PROBLEM TO WORK ON >> If a record holds a picture, drop the picture and repeat everything else word for word.

━━━━━━━━━━━━━━━━━━━━━━━━━━━━━━

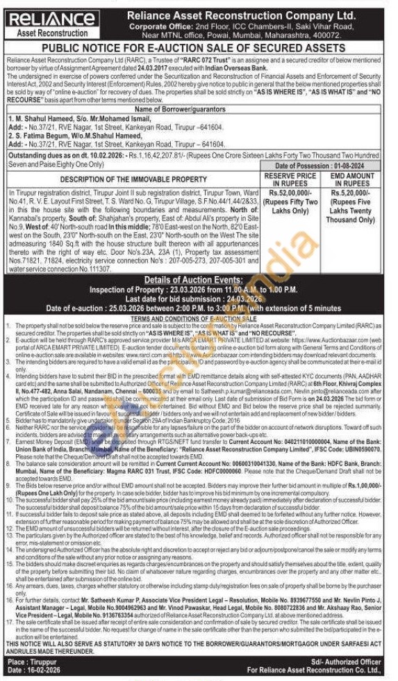 In Tirupur registration district, Tirupur Joint II sub registration district, Tirupur Town, Ward No.41, R. V. E. Layout First Street, T. S. Ward No. G. Tirupur Village, S.F. No. 44/1,44/2833 in this the house site with the following boundaries and measurements. North of Kannabal's property, South of: Shahjahan's property, East of: Abdul Ali's property in Site No.9, West of. 40' North-south road In this middle; 78'0 East-west on the North, 820 East-west on the South, 23'0" North-south on the East, 23'0" North-south on the West The site admeasuring 1840 Sq.ft with the house structure built thereon with all appurtenances thereto with the right of way etc. Door No's 23A, 23A (1), Property tax assessment Nos. 71821, 71824, electricity service connection No's: 207-005-273, 207-005-301 and water service connection No. 111307
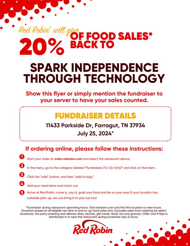 Our Red Robin fundraiser is coming up Thursday, July 25. Red Robin in Turkey Creek (11433 Parkside Drive) is donating 20 percent of all food sales all day to Spark! Enjoy a delicious meal and support Spark at the same time!
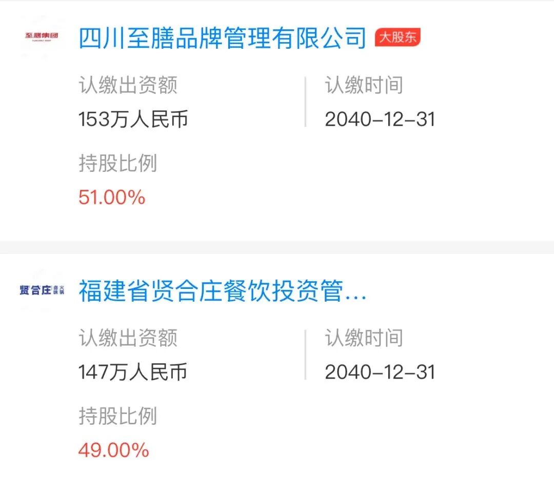 加盟一家贤合庄,需要缴纳48万元加盟费、5万元保证金等,除此之外,还要缴纳月营业额2%的管理费。而加盟商在交完加盟费后,使用品牌的年限只有3年,到期后加盟商还要以每年2万元的价格续约。
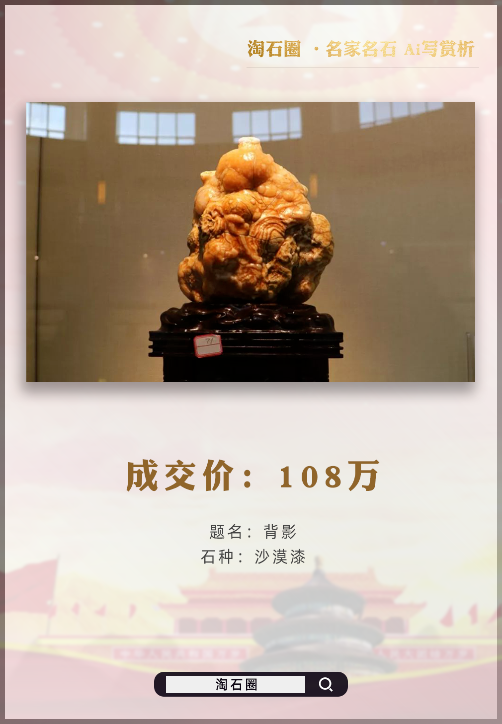 在2019年的一天,一场在石头与情感间交织的故事,在艺术与友情的交流中得以绽放。有一块奇特的沙漠漆,名为《背影》,在拍卖会上以108万高价成交,这并非偶然,因为它早已成为一位收藏家心中的珍品。
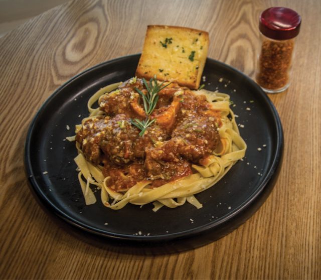 এরপরে এল ওসোবাকো। সমুদ্রপারের ইতালি থেকে এবারে উত্তুরে কেতার খাবার। যারা মনে করেন ইতালিয়ান খাবার মানেই পিৎজা-পাস্তা-অলিভ অয়েল আর হার্বসের কারিগরি; তাদের জন্য একটা ধাক্কাই বটে। অটোমান সাম্রাজ্যের ছোঁয়া লাগা ইউরোপীয় কুজিনের প্রভাব লোম্বার্ডি খাবারে পুরোপুরি বিদ্যমান। তাই এখানে অলিভ অয়েলের বদলে আসে বাটার, মাছের বদলে মাংস। টমেটো এখানে ব্রাত্য। ওসোবাকোর অর্থ হলো বোন উইথ হোল। খাঁটি বাংলায় বলা যেতে পারে নলি-পায়ের গোড়ালি থেকে হাঁটুর মাংসের ক্রস কাট। বেশ ঝোল ঝোল হাঙ্গেরিয়ান গুলাশের মতন। টেবিলে এল স্প্যাগেটির সঙ্গে। তবে খানিকটা হতাশ হলাম উপরে লেমন জেস্ট, গার্লিক আর পার্সলে কুচি না পেয়ে! তবে সে দুঃখ বেশিক্ষণ স্থায়ী হয়নি। কারণ, ততক্ষণে অস্থির ভেতরের মজ্জায় মজে গেছি। আর মাংসও বেশ নরম হয়ে উঠেছে বহুক্ষণ চুলোর উপরে থাকায়।
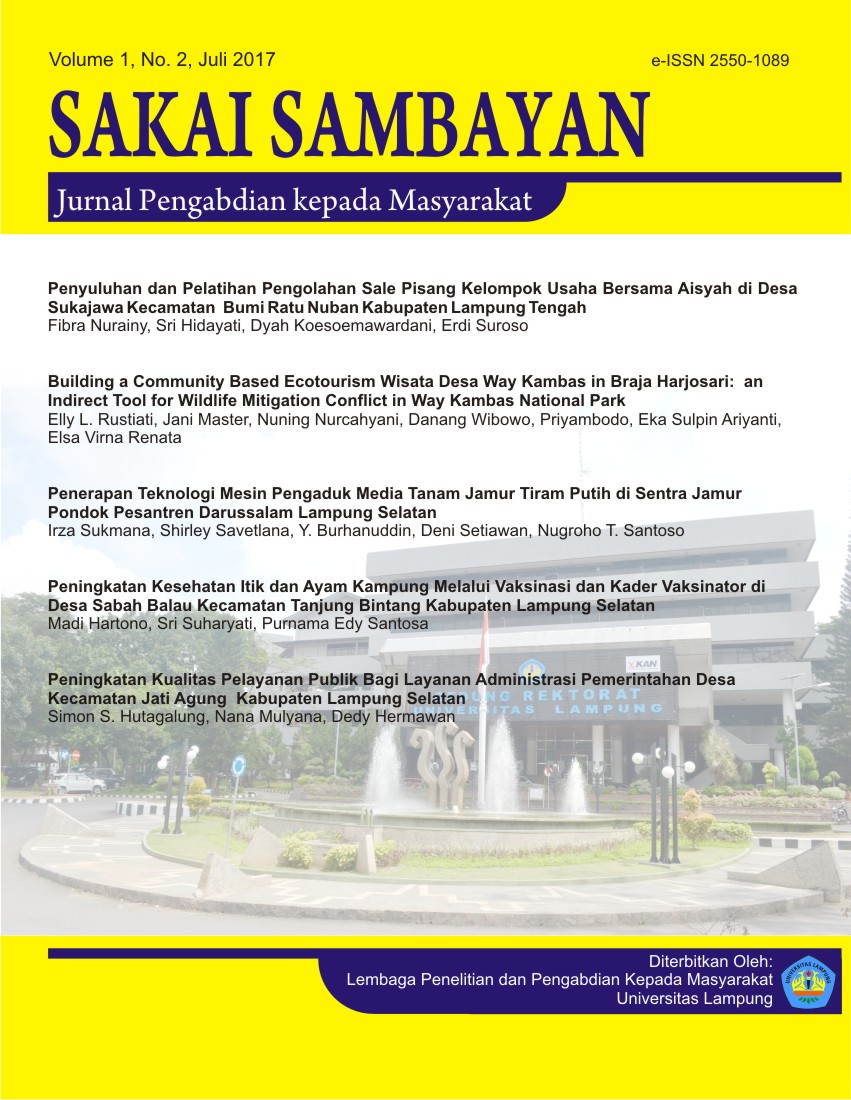 Yudamson, A. (2018). Cover Depan Volume 1 Nomor 2 Juli 2017. Jurnal Pengabdian Kepada Masyarakat Sakai Sambayan, 1(2). Retrieved from http://jss.lppm.unila.ac.id/index.php/ojs/article/view/36
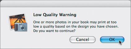 iPhoto is always looking at the resolution of your images and determining if photos of a given quality will reproduce well in the book at their selected size. If it finds a quality problem, it will insert a small yellow caution sign (with an exclamation point in it) over the problem picture, alerting you that the image will not look good when printed. In the case of the red mug, the problem is displaying a low-resolution image at a large size in the book.
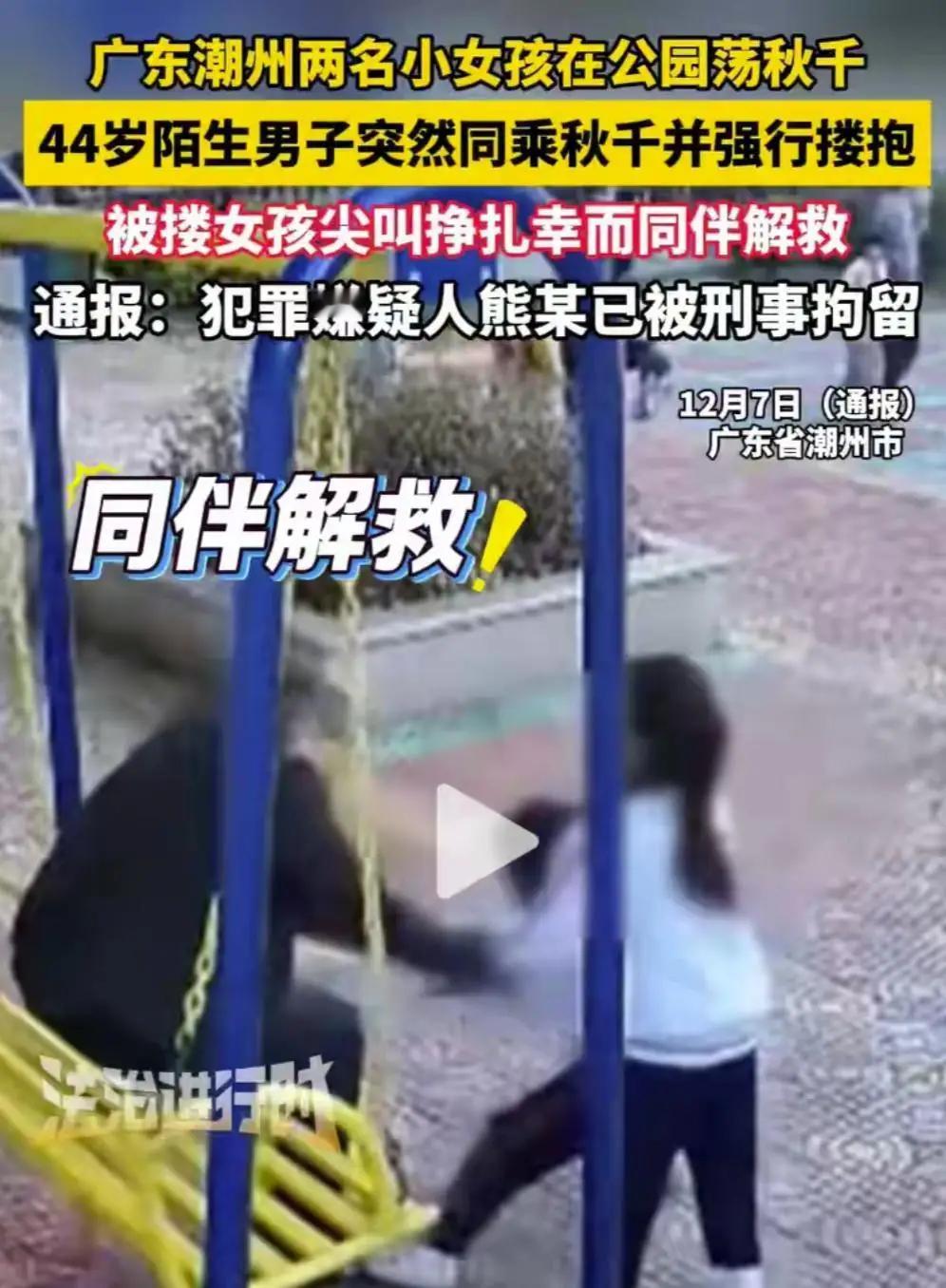 男子在公园猥亵女童后续!更多细节曝光,女童不是男子首选对象。 这起事件发生在广东潮州市潮安区彩塘镇的公园,令人震惊且令人心痛。根据监控录像和官方通报,44岁的男子熊某在2025年12月5日傍晚,趁没有大人看守的情况下,盯上了两个正在玩耍的小女孩,最终在秋千区对其中一名女孩实施了猥亵行为。幸好,被一名勇敢的小伙伴及时制止,现场路人迅速反应,将嫌疑人控制并报警,案件随后由公安机关处理。 事件细节如下: 时间:2025年12月5日傍晚6点左右 地点:潮州市潮安区彩塘镇某公园 行为过程:熊某在公园内观察目标,挑选未被大人看护的孩子,趁机行凶 被害女孩:有明显抓痕,事后心理受到严重影响 现场反应:一名小女孩勇敢反抗,另一名女孩迅速逃跑,路人及时制止并报警 处理结果:嫌疑人熊某被公安机关刑事拘留,案件正在调查中 官方回应:镇政府已对受害女孩进行心理疏导 公众对此事件表达了强烈愤慨和同情,尤其对受害女孩的勇敢反抗表示赞赏。这起事件也提醒家长和社会加强对儿童的安全教育,增强自我保护意识。专家指出,面对陌生人的不当接触,孩子应学习大声呼救、拼命挣脱的自救方法,同时,家长应密切关注孩子的日常安全,避免类似悲剧再次发生。 此案再次敲响了儿童安全的警钟,也呼吁社会共同努力,为儿童营造一个更安全、更有保护的环境。
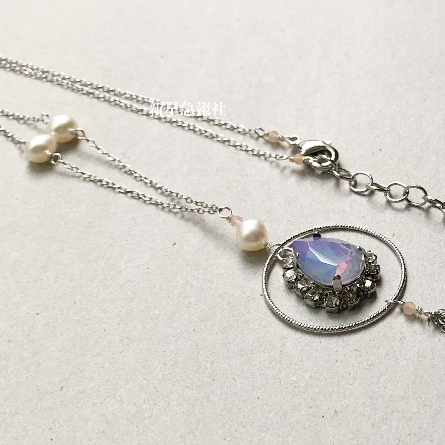 ガラス(スワロフスキー社製)、淡水真珠、ムーンストーン
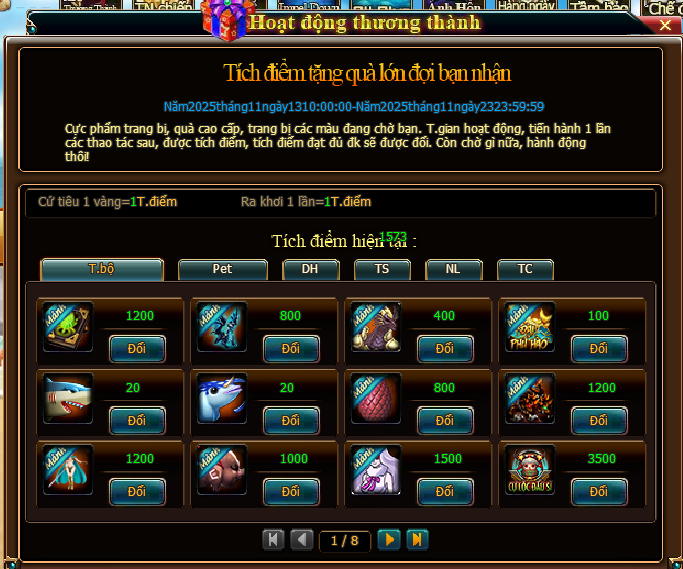 - Trong thờ i gian diễn ra hoạt động, Thuyền Trưở ng tiêu 1 vàng thì nhận được 1 tích, điểm, tích điểm có thể dùng để đổi vật phẩ m tương ứ ng

━━━━━━━━━━━━━━━━━━━━━━━━━━━━━━

TASK SOLUTION >>
 In Tirupur registration district, Tirupur Joint II sub registration district, Tirupur Town, Ward No.41, R. V. E. Layout First Street, T. S. Ward No. G. Tirupur Village, S.F. No. 44/1,44/2833 in this the house site with the following boundaries and measurements. North of Kannabal's property, South of: Shahjahan's property, East of: Abdul Ali's property in Site No.9, West of. 40' North-south road In this middle; 78'0 East-west on the North, 820 East-west on the South, 23'0" North-south on the East, 23'0" North-south on the West The site admeasuring 1840 Sq.ft with the house structure built thereon with all appurtenances thereto with the right of way etc. Door No's 23A, 23A (1), Property tax assessment Nos. 71821, 71824, electricity service connection No's: 207-005-273, 207-005-301 and water service connection No. 111307
 Our Red Robin fundraiser is coming up Thursday, July 25. Red Robin in Turkey Creek (11433 Parkside Drive) is donating 20 percent of all food sales all day to Spark! Enjoy a delicious meal and support Spark at the same time!
 加盟一家贤合庄,需要缴纳48万元加盟费、5万元保证金等,除此之外,还要缴纳月营业额2%的管理费。而加盟商在交完加盟费后,使用品牌的年限只有3年,到期后加盟商还要以每年2万元的价格续约。
 在2019年的一天,一场在石头与情感间交织的故事,在艺术与友情的交流中得以绽放。有一块奇特的沙漠漆,名为《背影》,在拍卖会上以108万高价成交,这并非偶然,因为它早已成为一位收藏家心中的珍品。
 এরপরে এল ওসোবাকো। সমুদ্রপারের ইতালি থেকে এবারে উত্তুরে কেতার খাবার। যারা মনে করেন ইতালিয়ান খাবার মানেই পিৎজা-পাস্তা-অলিভ অয়েল আর হার্বসের কারিগরি; তাদের জন্য একটা ধাক্কাই বটে। অটোমান সাম্রাজ্যের ছোঁয়া লাগা ইউরোপীয় কুজিনের প্রভাব লোম্বার্ডি খাবারে পুরোপুরি বিদ্যমান। তাই এখানে অলিভ অয়েলের বদলে আসে বাটার, মাছের বদলে মাংস। টমেটো এখানে ব্রাত্য। ওসোবাকোর অর্থ হলো বোন উইথ হোল। খাঁটি বাংলায় বলা যেতে পারে নলি-পায়ের গোড়ালি থেকে হাঁটুর মাংসের ক্রস কাট। বেশ ঝোল ঝোল হাঙ্গেরিয়ান গুলাশের মতন। টেবিলে এল স্প্যাগেটির সঙ্গে। তবে খানিকটা হতাশ হলাম উপরে লেমন জেস্ট, গার্লিক আর পার্সলে কুচি না পেয়ে! তবে সে দুঃখ বেশিক্ষণ স্থায়ী হয়নি। কারণ, ততক্ষণে অস্থির ভেতরের মজ্জায় মজে গেছি। আর মাংসও বেশ নরম হয়ে উঠেছে বহুক্ষণ চুলোর উপরে থাকায়।
 Yudamson, A. (2018). Cover Depan Volume 1 Nomor 2 Juli 2017. Jurnal Pengabdian Kepada Masyarakat Sakai Sambayan, 1(2). Retrieved from http://jss.lppm.unila.ac.id/index.php/ojs/article/view/36
 iPhoto is always looking at the resolution of your images and determining if photos of a given quality will reproduce well in the book at their selected size. If it finds a quality problem, it will insert a small yellow caution sign (with an exclamation point in it) over the problem picture, alerting you that the image will not look good when printed. In the case of the red mug, the problem is displaying a low-resolution image at a large size in the book.
 男子在公园猥亵女童后续!更多细节曝光,女童不是男子首选对象。 这起事件发生在广东潮州市潮安区彩塘镇的公园,令人震惊且令人心痛。根据监控录像和官方通报,44岁的男子熊某在2025年12月5日傍晚,趁没有大人看守的情况下,盯上了两个正在玩耍的小女孩,最终在秋千区对其中一名女孩实施了猥亵行为。幸好,被一名勇敢的小伙伴及时制止,现场路人迅速反应,将嫌疑人控制并报警,案件随后由公安机关处理。 事件细节如下: 时间:2025年12月5日傍晚6点左右 地点:潮州市潮安区彩塘镇某公园 行为过程:熊某在公园内观察目标,挑选未被大人看护的孩子,趁机行凶 被害女孩:有明显抓痕,事后心理受到严重影响 现场反应:一名小女孩勇敢反抗,另一名女孩迅速逃跑,路人及时制止并报警 处理结果:嫌疑人熊某被公安机关刑事拘留,案件正在调查中 官方回应:镇政府已对受害女孩进行心理疏导 公众对此事件表达了强烈愤慨和同情,尤其对受害女孩的勇敢反抗表示赞赏。这起事件也提醒家长和社会加强对儿童的安全教育,增强自我保护意识。专家指出,面对陌生人的不当接触,孩子应学习大声呼救、拼命挣脱的自救方法,同时,家长应密切关注孩子的日常安全,避免类似悲剧再次发生。 此案再次敲响了儿童安全的警钟,也呼吁社会共同努力,为儿童营造一个更安全、更有保护的环境。
 ガラス(スワロフスキー社製)、淡水真珠、ムーンストーン
 - Trong thờ i gian diễn ra hoạt động, Thuyền Trưở ng tiêu 1 vàng thì nhận được 1 tích, điểm, tích điểm có thể dùng để đổi vật phẩ m tương ứ ng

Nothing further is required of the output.